1. LED technology is still immature, and installation can be more of an art than a science. Hundreds of new companies that have never been in the lighting business are now making and selling light fixtures and lamps. The color of the light can be inconsistent, even from orders from the same manufacturer.  Color shifting is common, especially within the first six months of installation.

2. LEDs are more expensive than traditional technologies up front. Most everyone expects this upfront cost premium to come down.
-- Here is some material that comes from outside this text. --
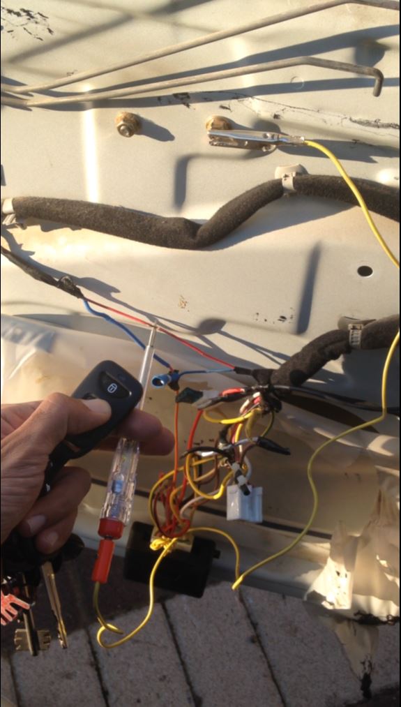 אם האור בטסטר נדלק עוד לפני שלחצנו על הנעילה בשלט, והלחיצה על השלט כיבתה אותו לשבריר שניה, גם טוב. מצאנו את חוט הנעילה ואנחנו יודעים שהוא כמעט בוודאות מעביר פלוס. נעשה לו בדיקת פלוס כדי להיות בטוחים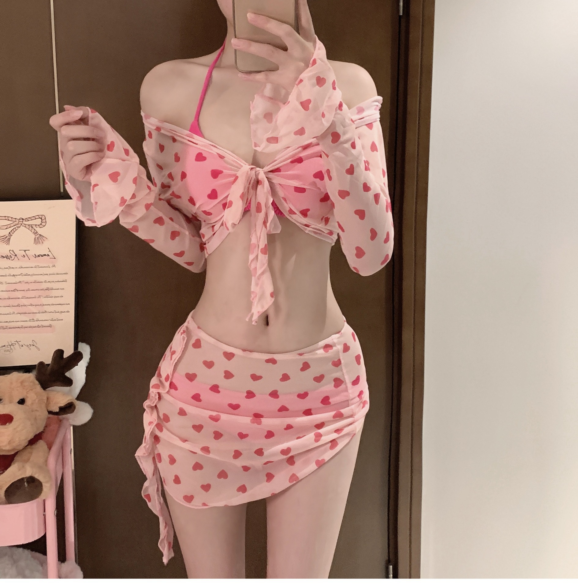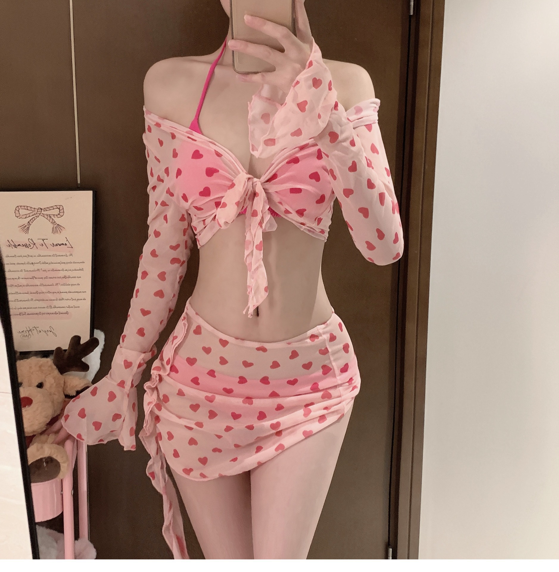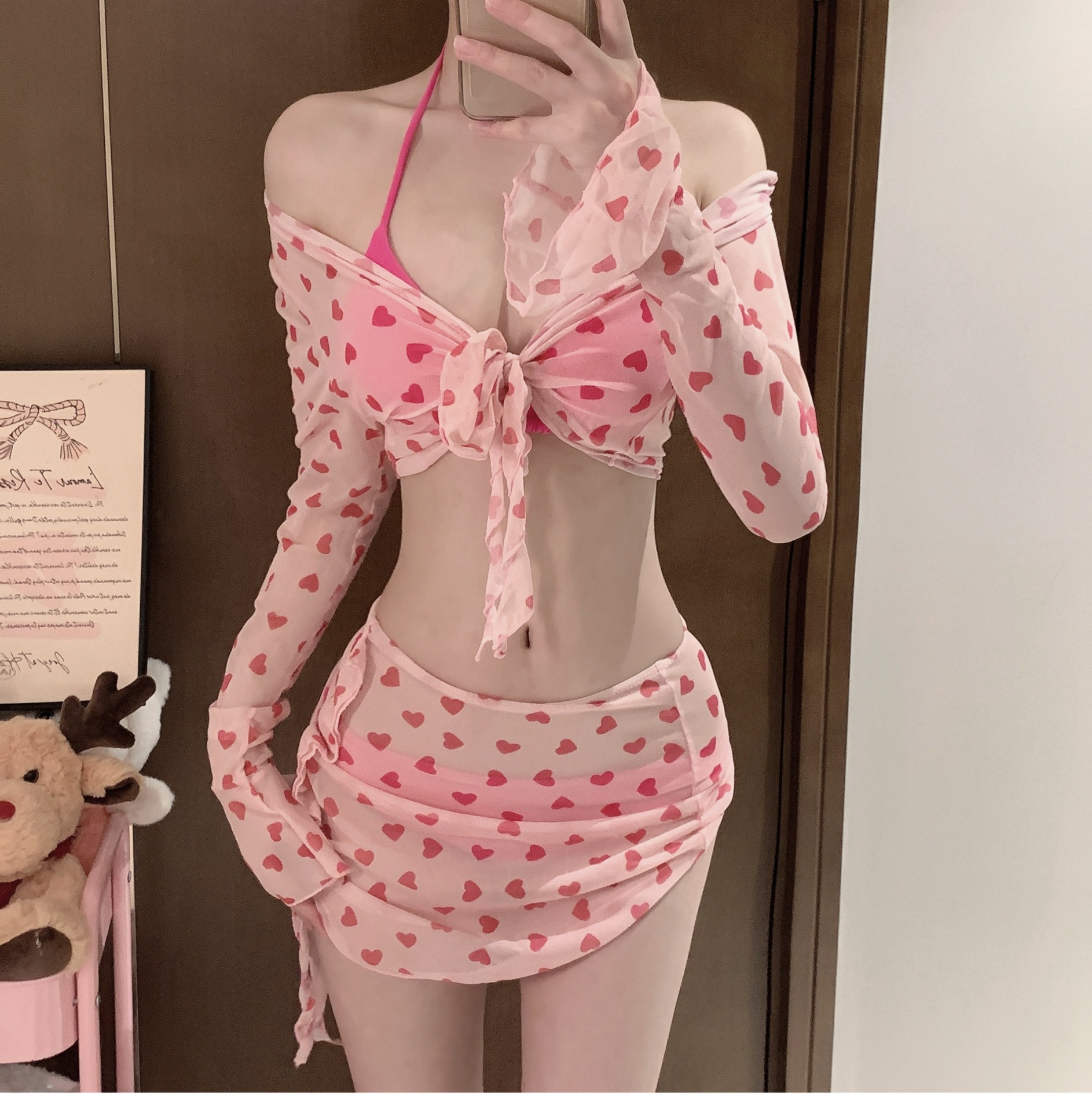 여성 수영복 비키니 슬림하고 섹시한 2026년 신상 패션 학생 소녀 휴가 작은 가슴 푸쉬업 온천 수영복 세트

  • Large global semiconductor firms are lowering the cost of the chips themselves.
  • Light designers are using the inherent directionality of LED lighting to reduce the lumen output needed from a lamp to light a specific space; still with the right light levels.
  • Many common spaces will need fewer fixtures.
  • Other spaces will utilize lots of very small fixtures.

3. Premature failures of LED fixtures, often due to poor design where the LED driver fails. LEDs do not like heat, and fixtures and LED lamps, if not properly designed to dissipate heat, can fail after 3-6 months, leading to an expensive warranty claim.